- The Washington Times - Saturday, March 16, 2002

The N.C. State Wolfpack's young pups proved more savvy yesterday than Michigan State.
In a first-round East Region matchup between two teams that rely heavily on underclassmen, N.C. State's group had to bear added responsibility when All-ACC guard Anthony Grundy went to the bench with his fourth foul scarcely more than five minutes into the second half.
Instead of crumbling, the seventh-seeded Wolfpack responded with inspired play and advanced to the second round with a 69-58 victory against No.10 seed Michigan State at MCI Center.
"I was immensely proud of the way our guys responded in the second half," Wolfpack coach Herb Sendek said. "We cut harder, and our defense picked up."
In its first NCAA tournament appearance since losing in the second round at Cole Field House in 1991, N.C. State displayed the caliber of play that allowed it to upset Maryland in the ACC tournament semifinals last week.
Michigan State had its run of three straight Final Four appearances end as the Spartans lost in the first round for the first time in five tournament trips under coach Tom Izzo.
Freshman guard Julius Hodge scored 14 of his 16 points and fellow frosh Ilian Evtimov had 10 of his 12 in the second half to pace an outstanding shooting performance by the Wolfpack. N.C. State looked disoriented through the first half, missing open shots and committing frequent fouls as the Spartans stormed to a 30-18 lead.
Sendek said he didn't make any technical adjustments at halftime. However, the break provided an opportunity to refocus, and the Wolfpack produced results quickly.
Sixteen seconds after halftime, Archie Miller drilled a 3-pointer, his team's first, to revive the Wolfpack. Grundy followed with a driving basket and Hodge scored on a backdoor cut to slice the Spartans' lead to five. N.C. State scored on its first five possessions, shot 66.7 percent and committed just three turnovers in the second half.
Still, trailing 37-31, the Wolfpack (23-10) seemed doomed when Grundy committed his fourth foul with 14:47 to go. Instead, N.C. State scored 14 of the next 16 points eight by Hodge to put the Spartans on their heels and take a 45-39 lead with 10:30 left.
"I knew when Anthony got his fourth foul that guys were going to have to step up," Hodge said. "Anthony's our heart and soul, along with Archie. As a freshman, I knew I had to step my game up and make big-time shots."
The offense came from the defense, which held the Spartans to a season-worst 32.1 percent shooting from the field. The Wolfpack took rebounds and turned them into transition opportunities, and drove aggressively past defenders in the halfcourt to draw fouls.

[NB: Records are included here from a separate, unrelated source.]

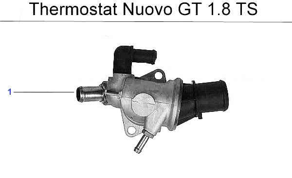 Thermostat with housing for Alfa Romeo Nuovo GT 1.6cc/1.8cc/2.0cc IE TS models. #1 in corresponding diagram.
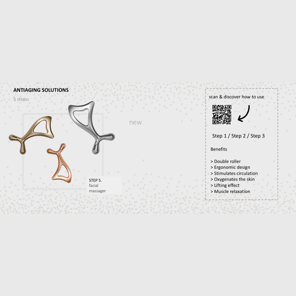 • Dual facial massager roller: it promotes the absorption of active ingredients, activates microcirculation and has a toning, firming and revitalising effect.
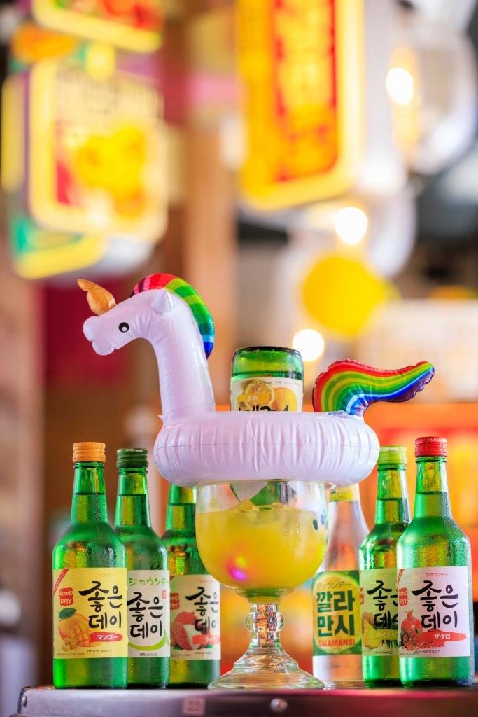 「ジョウンデー」という韓国焼酎をソフトドリンクで割った、見た目もインパクト大の「ジョウンテル」(1,490円)も必見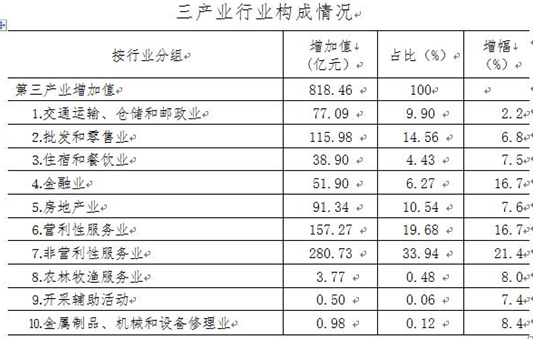 ㈢新兴服务业快速发展。金融业、信息服务业等现代服务业快速增长,成为服务业新的经济增长点。2015年金融业实现增加值52.9亿元,比上年增长16.7%,占服务业增加值的比重达6.3%,同比提高0.2个百分点。金融机构实现存款余额2411.9亿元,增长16.8%,实现贷款余额1234.1亿元,增长10.8%。旅游产业快速发展,全年旅游人数3546万人次,增长16.1%,旅游总收入233.3亿元,增长16.2%。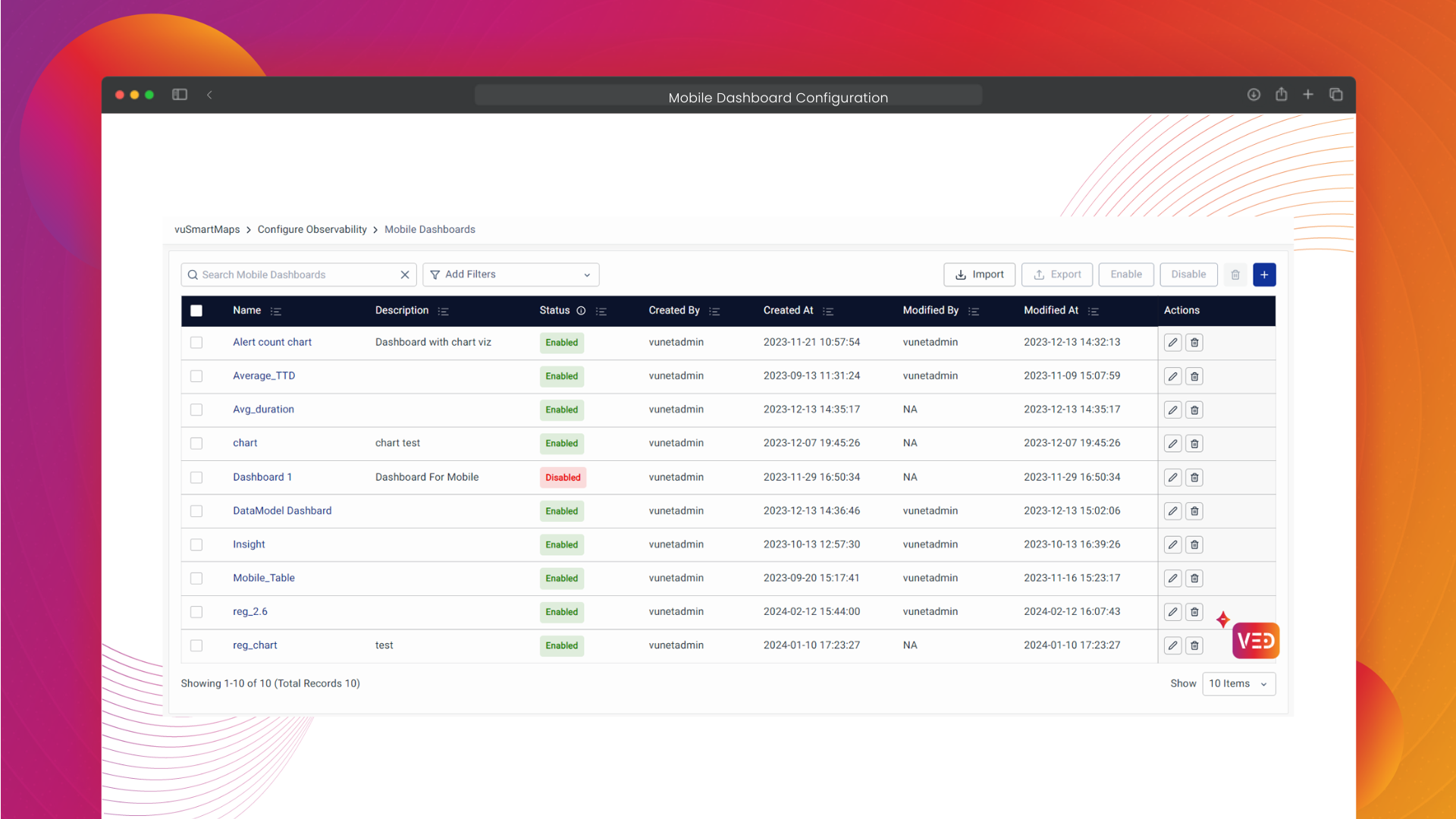 - Easily manage Dashboards with 'Import' and 'Export' buttons.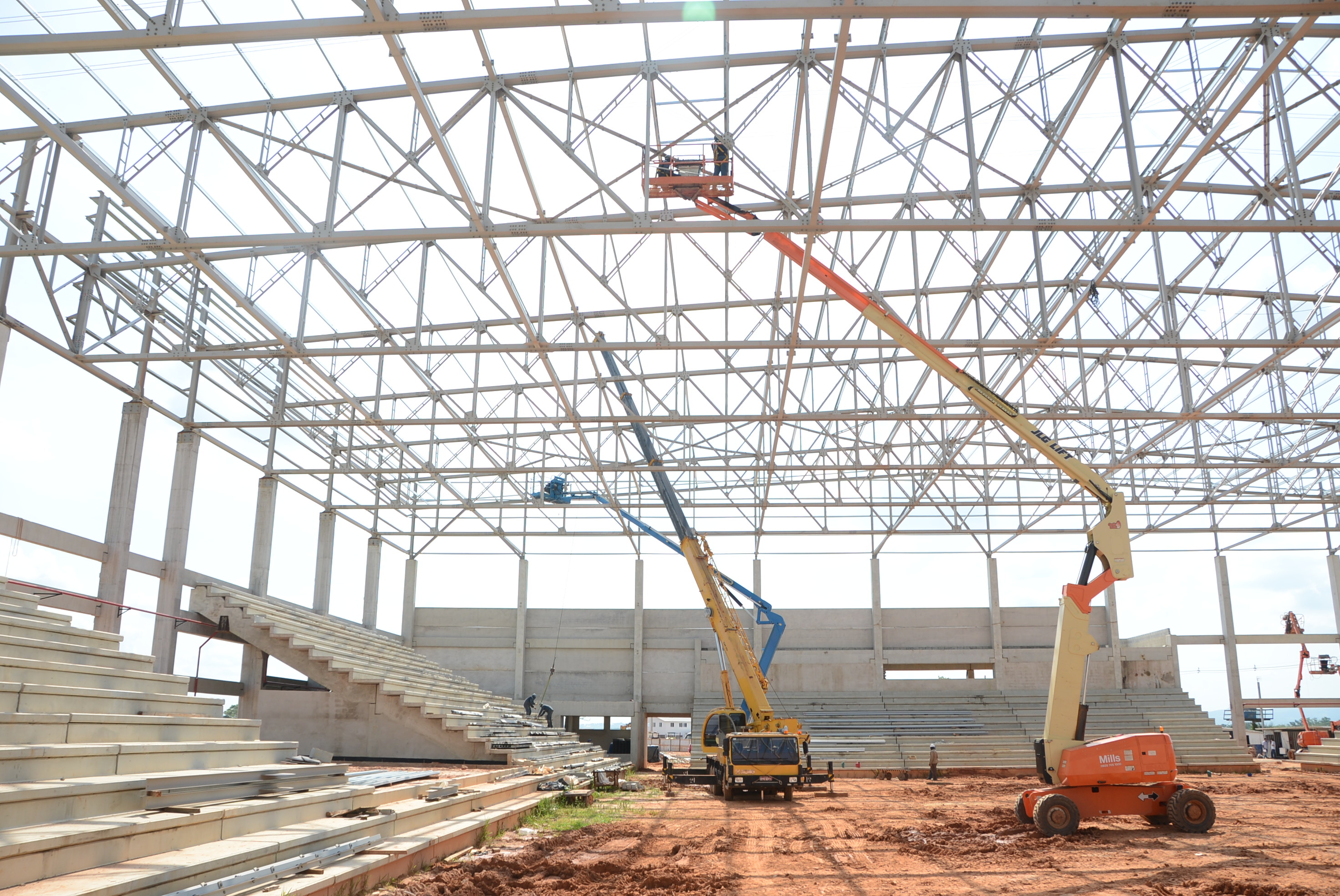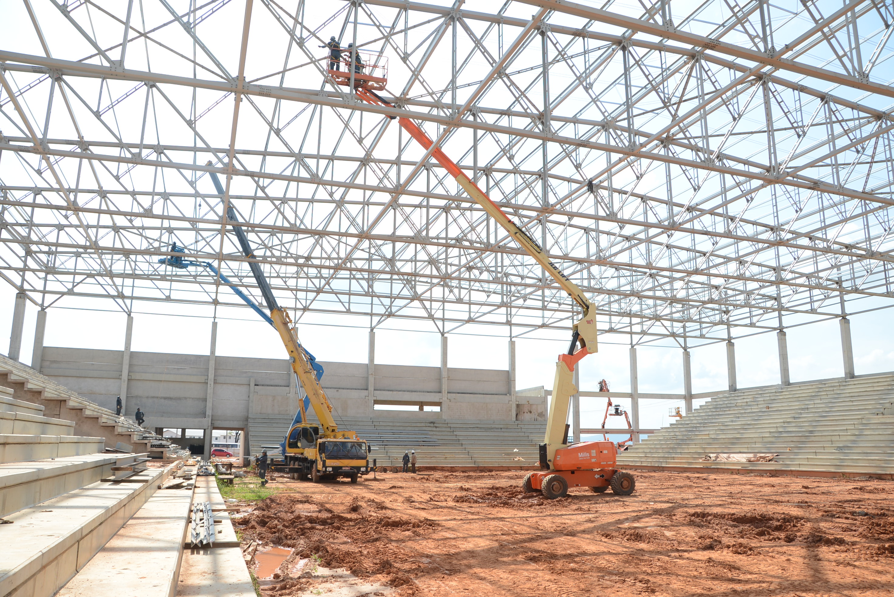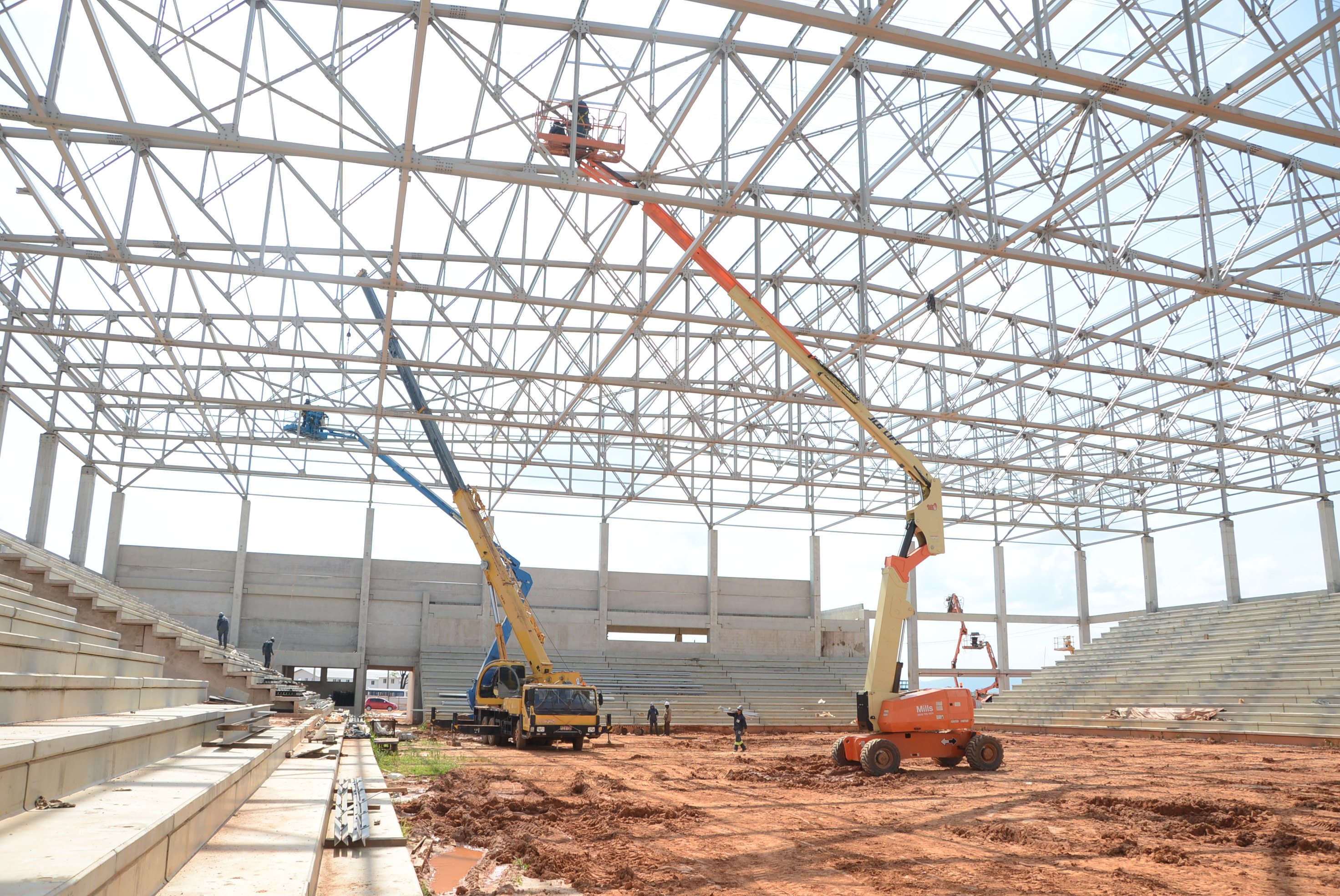Paralelo à cobertura, há outras frentes de trabalho instalando a rede de incêndio, preparando a concretagem dos pisos dos banheiros para o público e atletas, dos vestiários, além do fechamento das laterais com placas de concreto, entre outros.

While the Wolfpack made their run, Grundy was relegated to an unfamiliar role of shouting and towel-waving. He played 24 minutes, his fewest in his last 16 games, but still finished with 16 points.
"I just tried to pick up everybody on our bench," Grundy said.
N.C. State's swarming press and man-to-man defense gave Michigan State (19-12) fits, particularly multi-talented guard Marcus Taylor, who scored 18 points but made just five of his 22 field goal attempts and looked genuinely impatient on offense.
"Their press really hurt us," Taylor said. "They made us rush some things, which took us out of our offense."
The Wolfpack iced it from the line, where they shot 25-for-30 in the second half and 31-for-36 for the game. But the comeback started with Miller's 3-pointer to start the second half.
"We kind of fed off it a little bit we got into our press and got it going," Miller said.